El estilo de Tolstói aquí es menos grandilocuente que en «Guerra y paz» o «Anna Karénina», pero igualmente punzante. No necesita muchas páginas para dejarte con el corazón encogido. Utiliza un lenguaje sobrio, melancólico, con un humor muy fino que se cuela entre líneas, como una risa resignada ante lo inevitable. La ironía está en los contrastes: entre el amor idealizado y el amor real, entre la juventud de Masha y la serenidad casi inmóvil de Serguéi, entre lo que se sueña y lo que se vive. Es una novela de silencios, de miradas que no se cruzan, de habitaciones separadas (emocionalmente, al principio; no descarto que también físicamente más adelante).

Uno de los momentos más cínicos y geniales es cuando Masha habla de su maternidad:

Al principio, el instinto maternal se apoderó de mí con tanta fuerza y me produjo un entusiasmo tan grande que pensé que una nueva vida comenzaría para mí; pero al cabo de dos meses, cuando empecé a salir de nuevo, esa sensación, que cada vez se reducía más, acabó por convertirse en un hábito y en el frío cumplimiento de la responsabilidad.

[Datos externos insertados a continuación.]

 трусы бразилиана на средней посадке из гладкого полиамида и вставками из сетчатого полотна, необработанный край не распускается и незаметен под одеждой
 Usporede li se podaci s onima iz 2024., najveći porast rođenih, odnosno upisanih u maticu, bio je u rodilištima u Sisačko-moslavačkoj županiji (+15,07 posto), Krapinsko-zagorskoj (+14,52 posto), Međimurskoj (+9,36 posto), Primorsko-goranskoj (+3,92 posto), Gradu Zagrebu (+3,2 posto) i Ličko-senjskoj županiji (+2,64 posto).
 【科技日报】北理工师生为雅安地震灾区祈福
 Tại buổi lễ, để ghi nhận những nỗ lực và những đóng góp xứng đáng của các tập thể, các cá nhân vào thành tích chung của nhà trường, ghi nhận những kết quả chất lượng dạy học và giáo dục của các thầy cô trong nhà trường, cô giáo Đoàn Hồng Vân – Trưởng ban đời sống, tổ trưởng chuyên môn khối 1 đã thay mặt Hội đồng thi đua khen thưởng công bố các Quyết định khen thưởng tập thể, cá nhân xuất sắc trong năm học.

Si eso no es el testimonio más honesto (y tristemente reconocible) de muchas maternidades modernas, no sé qué lo será. Aquí Tolstói se adelanta siglos a la literatura contemporánea de la crisis posparto.

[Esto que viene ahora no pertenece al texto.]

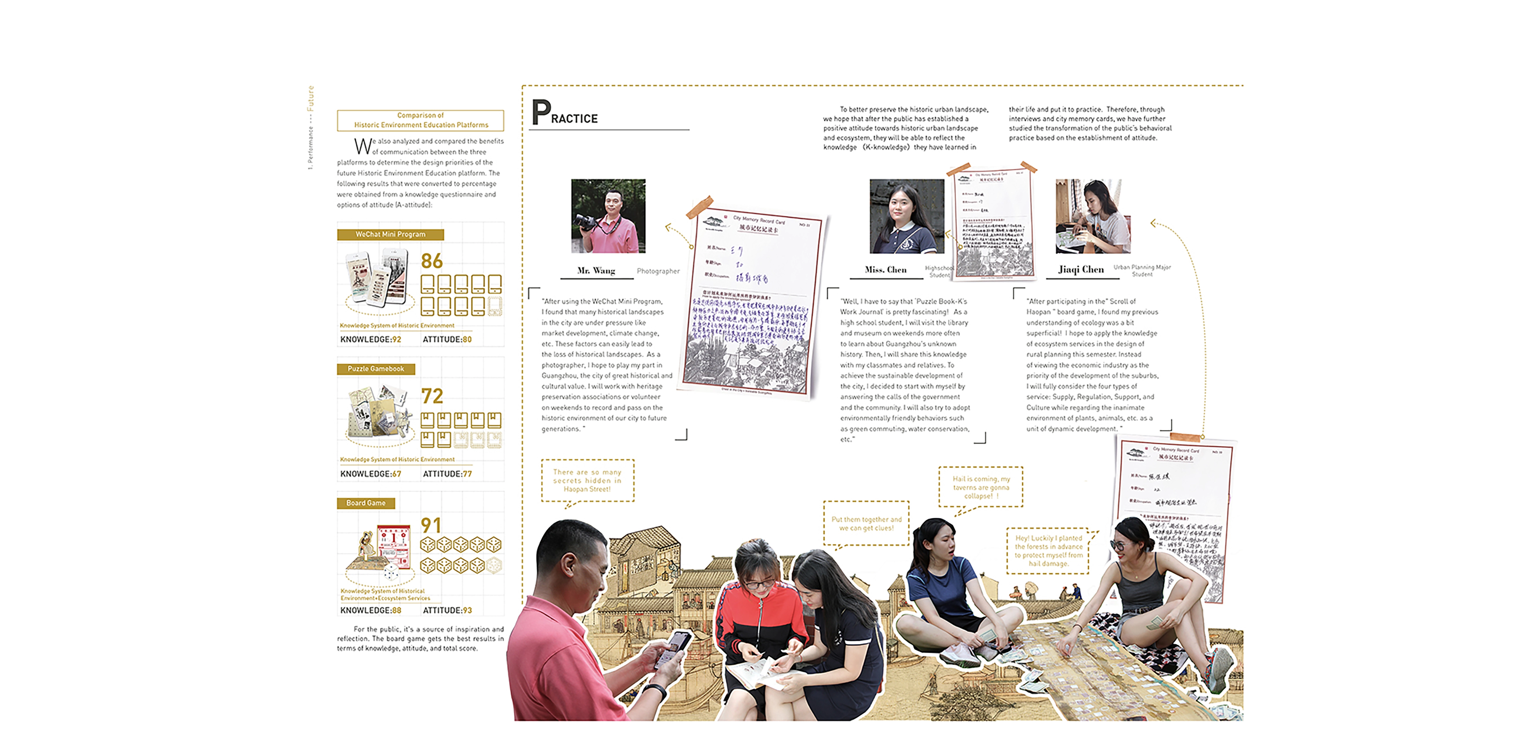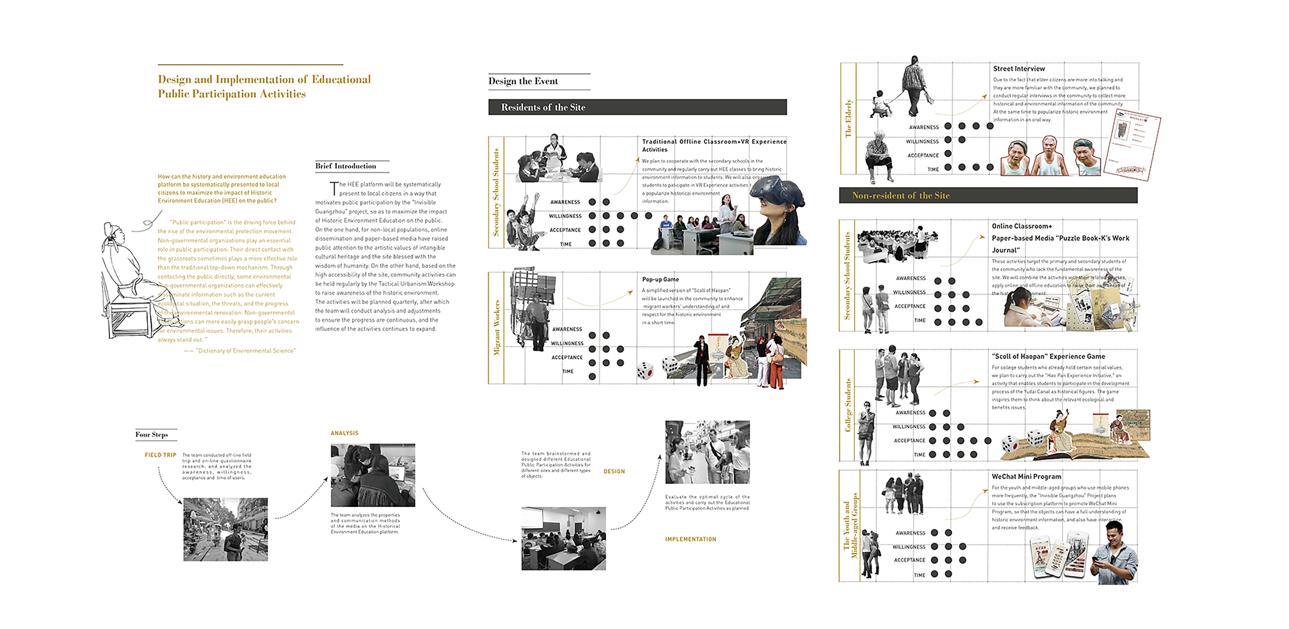 By designing public participation activities, the project helps the public to establish a correct attitude towards the historic urban environment (A-attitude) in the process of popularizing historic environment information (K-knowledge), and hopes the educatee are able to reflect on their life, thus can better preserve historic urban landscapes of Guangzhou (P-practice). Meanwhile, the platform gives the science popularization education of historic environment through the historic urban environment information database, as well as online and offline information communication media. It also further summarizes the knowledge of eco-social infrastructure services (K-knowledge) provided by historic environment to the masses.
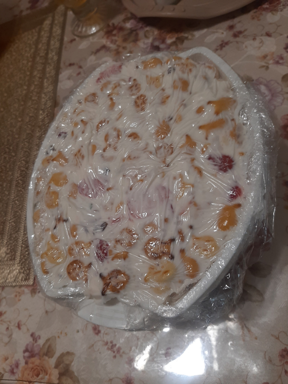 вытащить, потянув за хвосты пленки перевернуть на блюдо, должен получиться хорошо пропитанный и держащий форму конгломерат торта, украсить-как захотите

Y por si fuera poco, también retrata con crudeza el efecto de la falta de comunicación, pero no desde el conflicto sino desde la distancia. Masha, que al principio se desespera ante la falta de sinceridad de su marido, termina resignándose:

Al principio me ofendía ese temor frente a la sinceridad, pero luego me hice a la idea de que no se trataba de falta de sinceridad, sino de la no necesidad de sinceridad.

¿Quién necesita sincerarse cuando ya no hay nada que compartir?

Para concluir, «La felicidad conyugal» es una novela breve, melancólica y cruelmente lúcida. No esperes fuegos artificiales ni declaraciones grandilocuentes al final. Es un retrato —casi un diagnóstico clínico— del desencanto, del paso del amor romántico al cariño resignado, de cómo el matrimonio puede volverse un contrato silencioso entre dos personas que simplemente han dejado de ser la prioridad del otro. ¿Es deprimente? Sí. ¿Es realista? También. ¿Vale la pena leerla? Sin duda. Sobre todo si eres de los que creen que el amor todo lo puede. Esta novela te hará replantearte esa idea… o al menos mirar de reojo a tu pareja mientras lees la última página.